Revelaciones

¿Cómo vamos a opinar y a arreglar el mundo si no somos capaces de arreglar nuestra propia vida?

Katherine Mansfield escribió un cuento sobre una mujer burguesa, muy aburrida de su vida, que un día va a la peluquería. Su peluquero tarda en aparecer, y cuando llega, está distraído y torpe. Se le caen las tenacillas para el pelo. Luego, en vez de conversar, guarda un tenso silencio. La mujer lo interpreta como una imperdonable falta de consideración por parte del peluquero. Empieza a sentirse mucho más aburrida y mucho más desdichada. Siente ganas de llorar. Cuando se va, el peluquero le cepilla el abrigo. Y entonces le confiesa la verdad: su hija ha muerto aquella misma mañana.

Me acuerdo a menudo de ese cuento, Revelaciones, cuando pienso en las circunstancias de los que escribimos en la prensa. Se supone que debemos dar nuestra opinión sobre cualquier hecho que haya ocurrido en el mundo -unas elecciones, un nuevo caso de corrupción, una nueva ley educativa, una huelga, un crimen-, pero a veces nos sentimos como el peluquero del cuento de Katherine Mansfield. Y no porque se nos haya muerto una hija, no (y toco madera), sino porque nuestras circunstancias personales no son las mejores y sentimos cualquier cosa menos el deseo de opinar sobre lo que ocurre en el mundo. ¿Cómo vamos a opinar y a arreglar el mundo si no somos capaces de arreglar nuestra propia vida? ¿Y cómo vamos a interpretar la compleja realidad del mundo si ni siquiera sabemos interpretar lo que nos ocurre? Pero aun así, igual que el peluquero del relato, tenemos que cepillar el pelo y conversar con nuestra clienta sobre si va a llover o no va a llover. Nos guste o no, estemos de ánimo o no.
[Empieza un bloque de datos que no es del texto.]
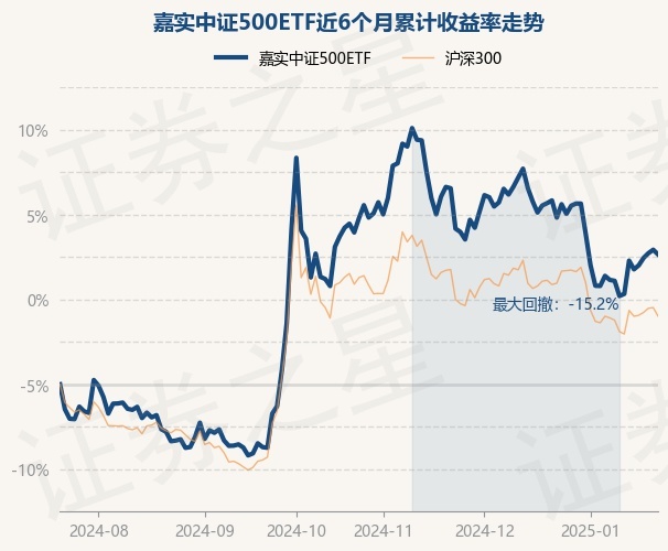 证券之星消息,1月22日,嘉实中证500ETF最新单位净值为2.2384元,累计净值为1.8544元,较前一交易日下跌0.48%。历史数据显示该基金近1个月下跌5.23%,近3个月下跌2.73%,近6个月上涨15.22%,近1年上涨18.8%。该基金近6个月的累计收益率走势如下图:
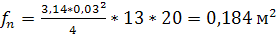 ширмового пароперегревателя равна площади поверхности выходного окна топочной
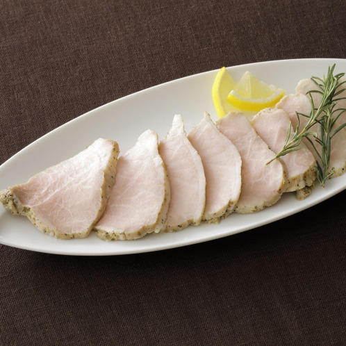 国産豚もも肉を爽やかなハーブソルトで風味豊かに仕上げました。オーブンで表面を香ばしく焼き、その後じっくりと加熱することで、驚くほどしっとりジューシーな食感が楽しめます。スライスすると中は美しい薄ピンク色でやわらかく、食べやすい逸品です。
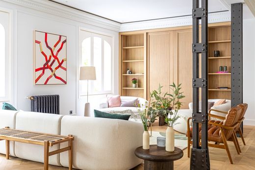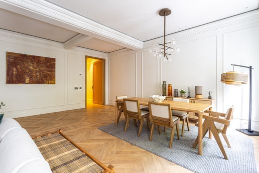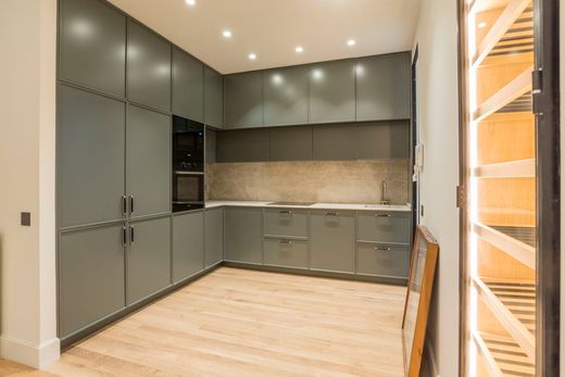 La zona de estar está compuesta por un amplio salón doble con tres ventanales, que llenan de luz natural el espacio durante todo el día. La zona de comedor está perfectamente integrada, y la cocina independiente está equipada con electrodomésticos de gama alta y armarios a medida, una verdadera joya para los amantes de la cocina. Cuenta con zona de lavandería independiente, Cabe destacar la cuidada carpintería, La cocina es semi-incorporada y tiene una lavandería independiente, equipada con lavadora y secadora, espacio de plancha y tendedero. Los techos son altos, hay molduras de pared y techo, suelo de roble en
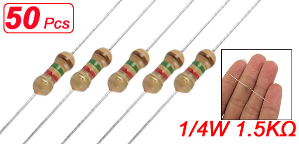 50 x 1/4W 250V 1.5K ohm 1K5 Axial Carbon Film Resistors
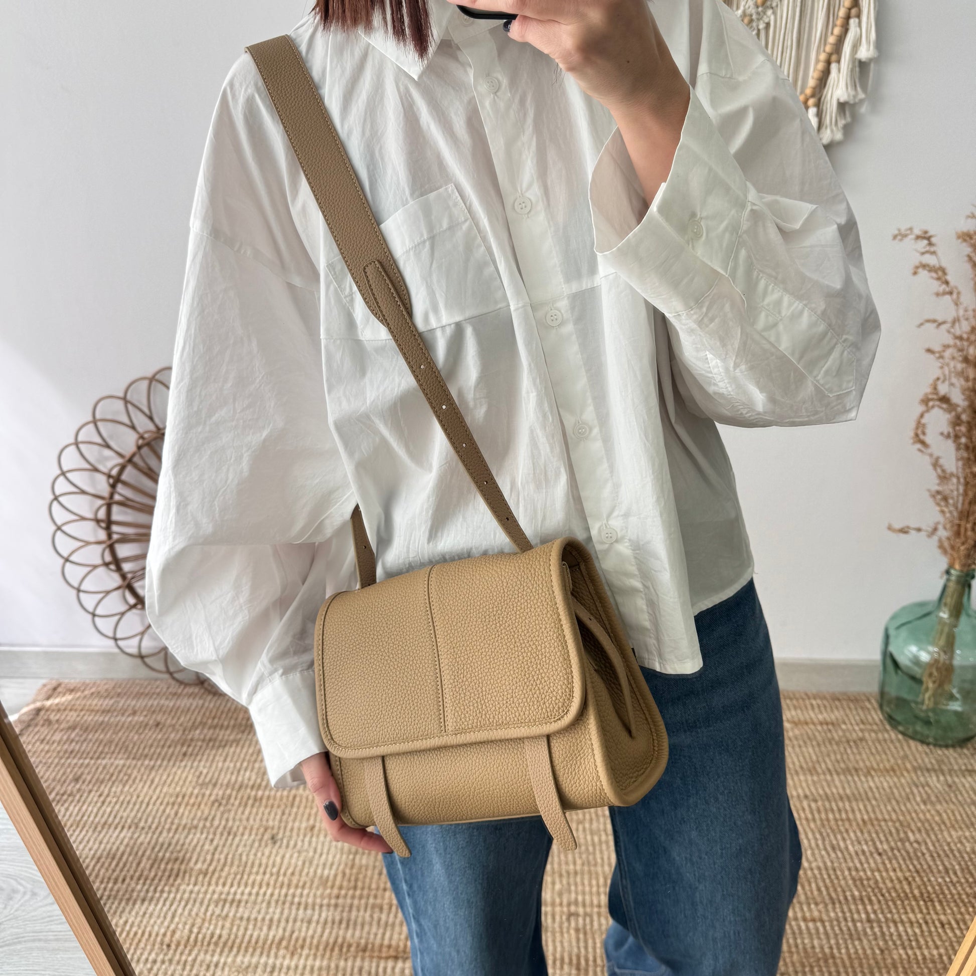 Este bolso bandolera en piel taupe ofrece un equilibrio perfecto entre el gris y el marrón, logrando un tono sofisticado y moderno. Es la elección ideal para quienes buscan una alternativa al negro con un aire más contemporáneo, refinado y fácil de combinar en cualquier estación.
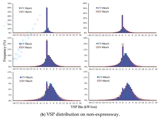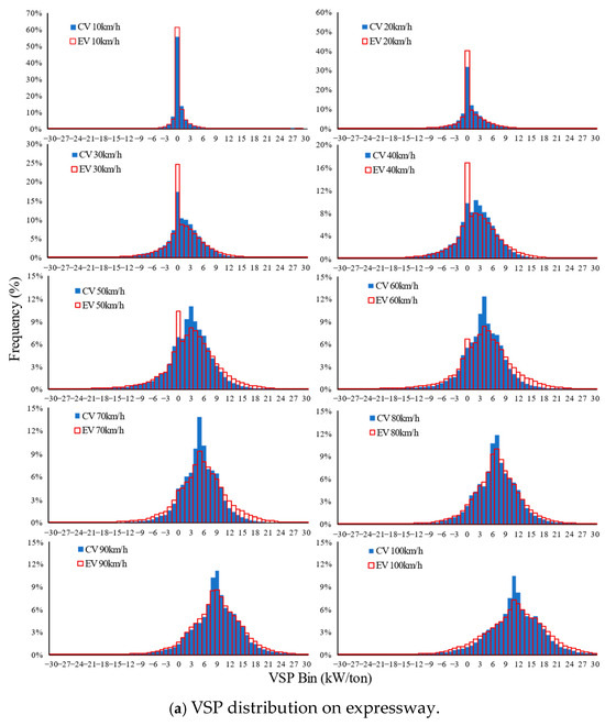 Although the distributions of EVs and CVs have a similar trend, there are still some interesting differences that could be observed. For EVs, the percentage of the 0th VSP bin is higher than CVs on the expressway when the speed is less than 50 km/h. Taking the average travel speed of 10–12 km/h as an example, the percentage of the 0th VSP bin is 61.2% for EVs and 55.7% for CVs. Typical traffic behavior of VSP values around 0 is idling (only for CVs) or queuing for congestion.
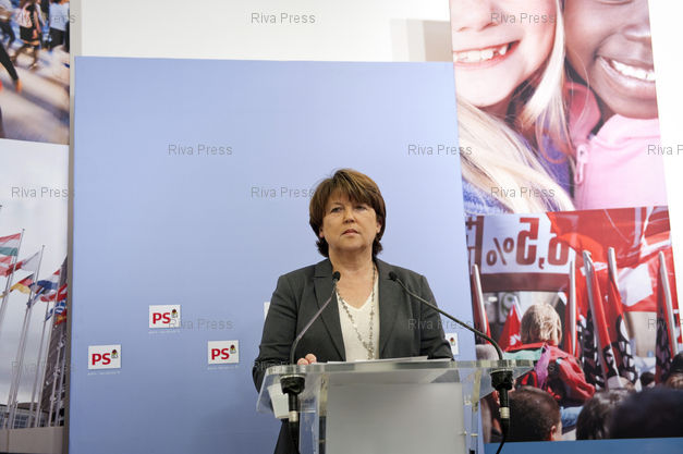 Légende : 16/11/2010 - PARIS, France - La première secrétaire du Parti Socialiste Martine Aubry réagit en conférence de presse à l'intervention télévisée du président de la république Nicolas Sarkozy, deux jours après un remaniement ministériel.
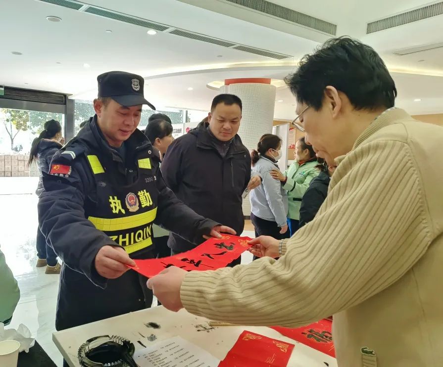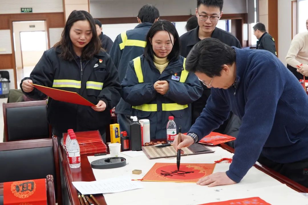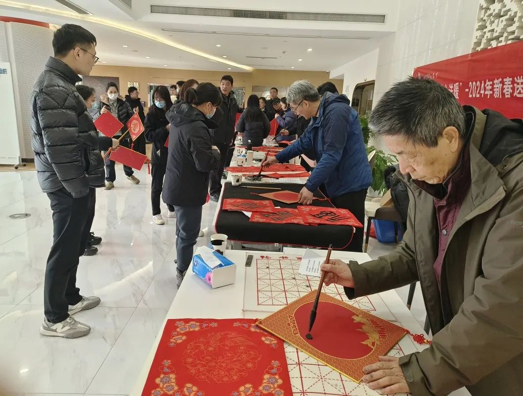 “老师,我想要个招财进宝合体字。”“这个对联写的好,手写的就是要比打印的有味道!”“我想自己写,能借您笔用一下吗?”春节临近,“工会常伴˙贴心送暖”——2024年新春送福进企业公益志愿活动拉开序幕,栖霞区总工会携手区文联邀请区书法家协会老师分别走进南京明州码头有限公司、江苏凯米膜科技股份有限公司、高新园区紫东创意园,400余名企业职工参加活动,为职工书写春联和福字,赠送新春祝福与喜气。
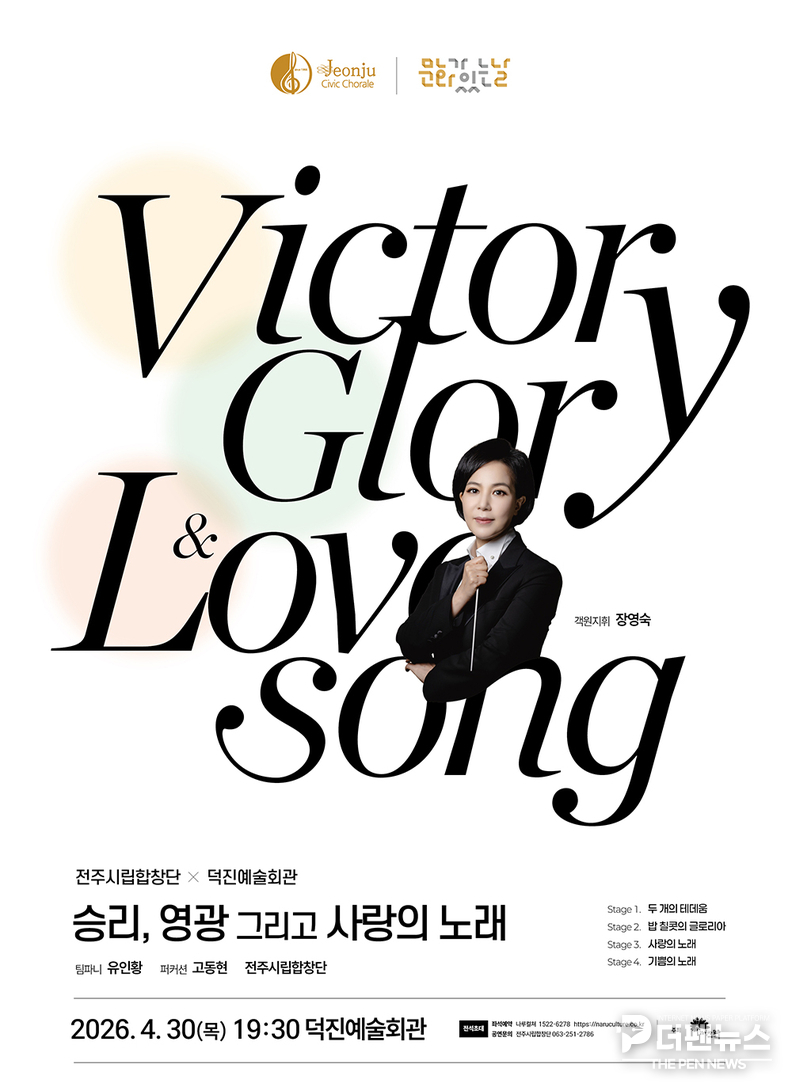 전주시립합창단은 오는 30일 덕진예술회관에서 ‘승리, 영광 그리고 사랑의 노래’를 주제로 기획 공연을 선보인다.
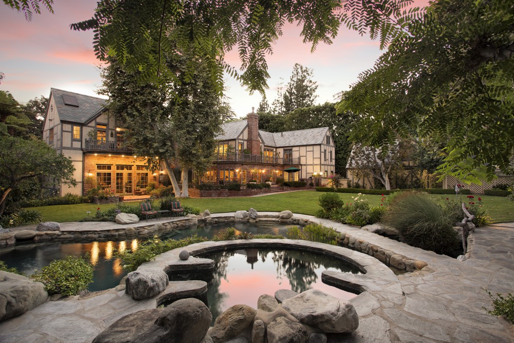 Traditional materials such as hand-hewn beams and hand-painted tiles provide a homey warmth that pairs well with its modern comforts. Between the main residence and the guest house, the Harry Warner Estate has 13,000 square feet of living space, seven bedrooms, and nine bathrooms. Other rooms include the grand public room with hand-carved wood panels, a step-down living room, a family room with a wet bar, and a large master suite with vaulted and wood-beamed ceilings.
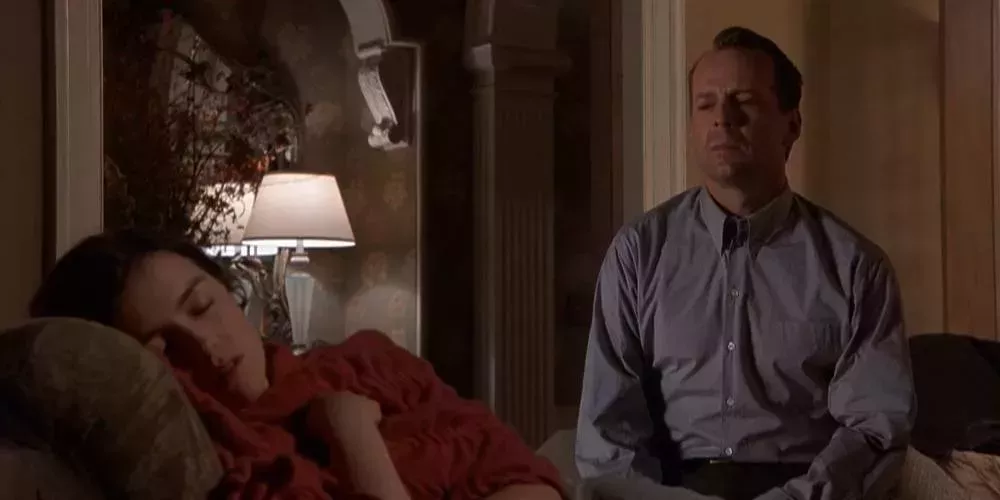 Poco después, Malcolm recibe un disparo y la cámara se detiene directamente sobre su cuerpo mientras su mujer le grita que aguante. A partir de ahí, El sexto sentido pasa directamente a una escena ambientada un año después, aprovechando la familiaridad del público con las técnicas cinematográficas que sugieren el paso del tiempo para dar la impresión de que Malcolm ha sobrevivido de algún modo a este encuentro mortal mientras permanece atormentado por sus secuelas. Por supuesto, la verdad es que no lo hizo.
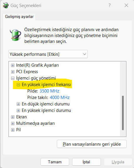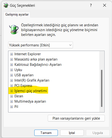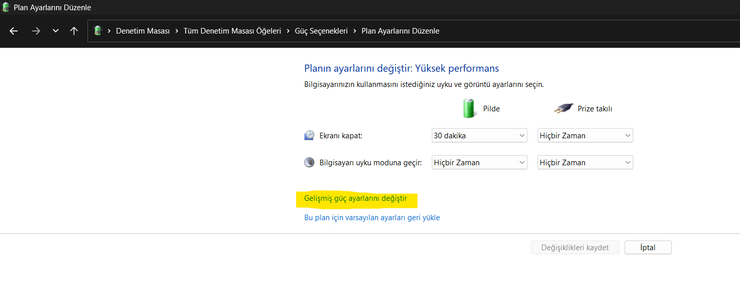 Yüksek performans modunu baz alalım.(Bütün güç profiller için aynı şeyi uygulayabilirsiniz.)
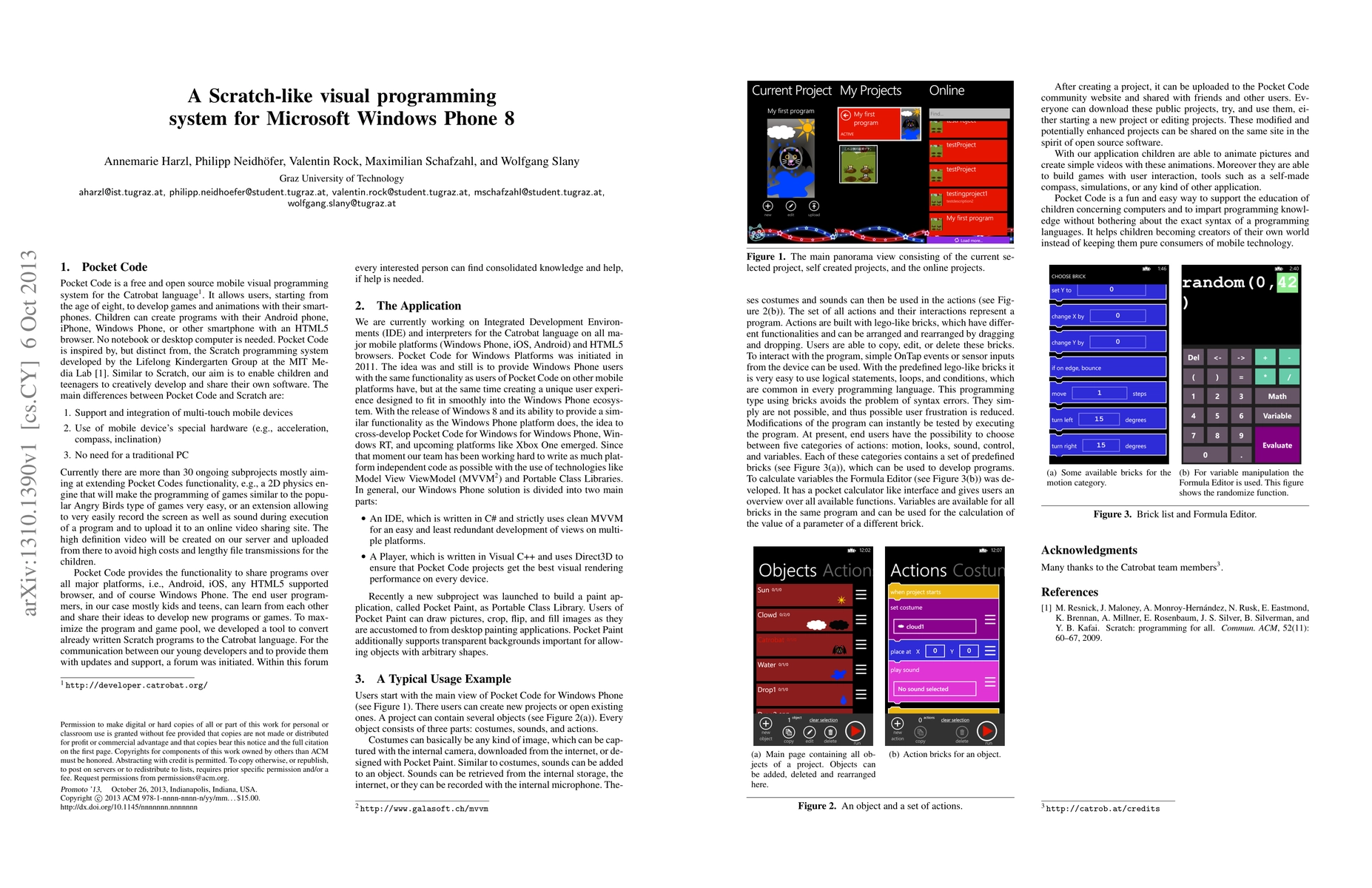 Pocket Code is a free and open source mobile visual programming system for the Catrobat language. It allows users, starting from the age of eight, to develop games and animations with their smartphones. Children can create programs with their Android phone, iPhone, Windows Phone, or other smartphone with an HTML5 browser. No notebook or desktop computer is needed. Pocket Code is inspired by, but distinct from, the Scratch programming system developed by the Lifelong Kindergarten Group at the MIT Media Lab. This tool demo describes an in-practice experience with Pocket Code, the Windows Phone IDE for the Catrobat language.

Lo digo porque un viejo periodista me contó una vez que acababa de escribir su crónica diaria después de haber ido a visitar a su esposa moribunda en el hospital. Y me contaron el caso de otro periodista que siguió escribiendo sus crónicas cuando su hijo acababa de morir de una sobredosis. Por supuesto que miles de profesionales de otras muchas actividades han vivido lo mismo, y nos puede llevar al aeropuerto un taxista que acaba de perder a su mujer o nos puede operar una médica que acaba de perder a su hija. Pero es bueno saber que estas cosas ocurren, sobre todo en estos tiempos de griterío y postureo ideológico, cuando todos nos comportamos como la señora histérica del cuento de K. Mansfield y apenas nos acordamos del peluquero que acaba de perder a su hija.